Это, вероятно, покажется моим читателям весьма необычным; но я удивлю их еще больше, когда скажу, что только что забавлялся повторением этого любопытного эксперимента. Хотя прошло уже тридцать лет с того времени, о котором я пишу, и хотя я почти ни разу не касался шаров в течение этого периода, я все еще могу легко читать, держа три шара в воздухе.

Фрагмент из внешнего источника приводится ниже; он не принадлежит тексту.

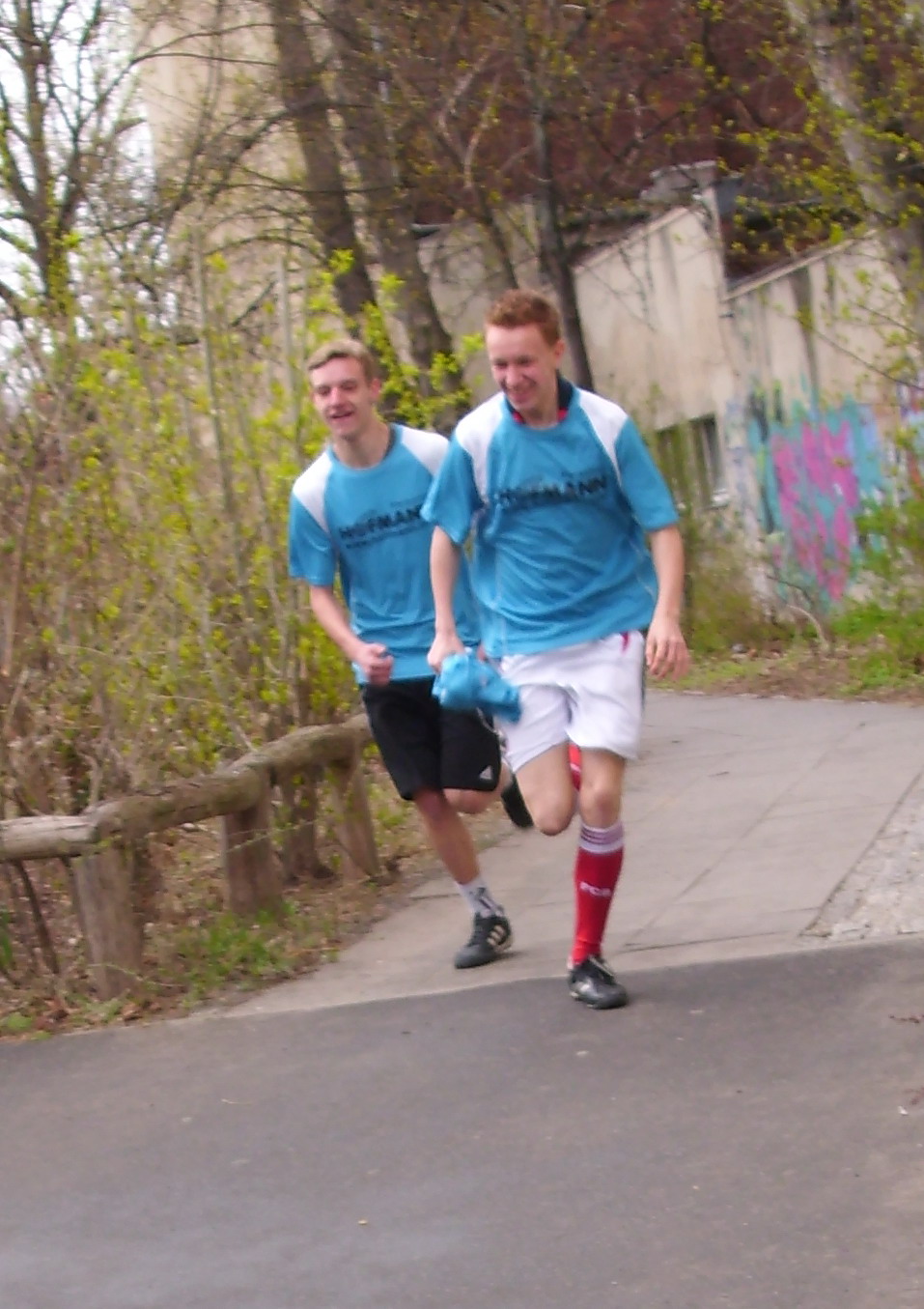 Selbstverständlich waren zwei Mitarbeiter der Berliner Niederlassung ebenfalls bei dem Marathon vor Ort. Auch wenn es nicht der perfekte Tag für einen langen Lauf über das Gelände der Schule zu sein schien, waren beide – Jessica Mewis und Ingo Rosenthal – hin- und mitgerissen von dem Engagement der dreizehn Schüler. Kurzentschlossen zogen auch sie die Jogginghosen, Laufschuhe und T-Shirts an und liefen – mehr oder weniger sportlich – ihre Runden. Natürlich war es ein wenig deprimierend, immer wieder von dem einen oder anderen Runde für Runde überholt zu werden – doch das Wissen um den guten Zweck und das Training für den Körper hinterließen bei allen Teilnehmern ein grandioses Gefühl der Begeisterung.
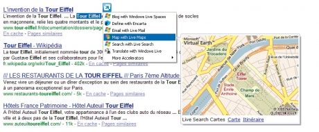 Elles ont changé de nom entre la bêta 1 et la bêta 2, mais les Activités sont toujours présentes, désormais appelées Accelerators. Il s’agit de menus contextuels, qui permettent d’accéder à de nombreux services Web

Практика этого трюка дала моим пальцам замечательную степень деликатности и уверенности, в то время как мой глаз в то же самое время приобретал быстроту восприятия, которая была совершенно изумительна. Вскоре мне придется рассказать о той услуге, которую он оказал мне в моем эксперименте с ясновидением.

Сделав таким образом свои руки гибкими и послушными, я сразу же перешел к ловкости рук и особенно посвятил себя манипуляциям с картами и хиромантии.

Эта операция требует большой практики, ибо, пока рука держится явно открытой, в ней находятся шарики, пробки, кусочки сахара, монеты и т. д., но пальцы остаются совершенно свободными и гибкими.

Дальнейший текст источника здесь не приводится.